When fetching in the singular, only the first node found is retrieved, even if there is one with the same name.

If you are not familiar with XPath like me, please refer to this article "Required for crawler creation! XPATH notation summary". .. I think it will be very convenient if you can master it.

3-4-3-2. When acquiring multiple nodes (list)

Method	Acquisition target
find_elements_by_name	id name (attribute value)
find_elements_by_xpath	name name (attribute value)
find_elements_by_link_text	Get with link text
find_elements_by_partial_link_text	Get as part of the link text
find_elements_by_tag_name	Tag name (element)
find_elements_by_class_name	class name (attribute value)
find_elements_by_css_selector	Get with selector

When fetching in singular, all nodes with the same name are fetched in list format.

In the original HTML description, there is a rule that id name can be one in one page, class name, name name can be multiple, etc., but some sites have multiple id names. Therefore, there are multiple (list) acquisition methods such as find_elements_by_name.

In the case of multiple acquisition, since the nodes are acquired in list format, it is necessary to specify up to the element number as follows.

`Sample.py`


search_box = driver.find_elements_by_name('p')[0]

3-4-4. [Reference] Get the node (below the child element) of the node

When you get a node, you can easily write the code if you have a unique id name etc., but sometimes it is not so convenient.
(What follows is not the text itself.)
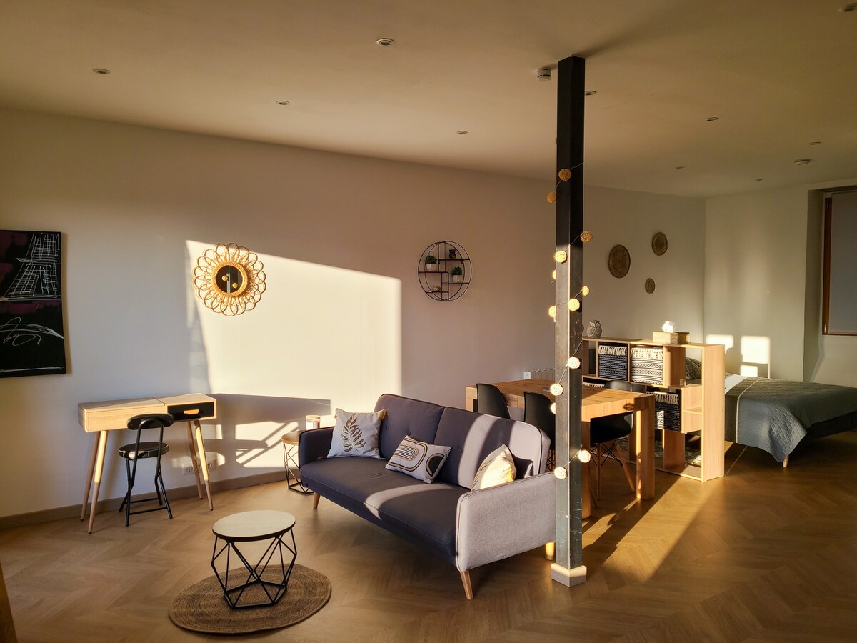 平均评分 5 分(满分 5 分),共 25 条评价舒适的单间公寓,33平方米,可欣赏Monts d'Or和里昂的美景

In such a case, it is often the case that a node with a large range is specified once and the node of its child element (grandchild element) is specified, such as by performing a refined search.

The method of getting the node of the node can be realized by simply concatenating the methods as follows.

`Sample.py`


search_box = driver.find_element_by_tag_name('fieldset').find_element_by_tag_name('input')

It is also possible to write variables separately (below).

`Sample.py`


search_box1 = driver.find_element_by_tag_name('fieldset')
search_box = search_box1.find_element_by_tag_name('input')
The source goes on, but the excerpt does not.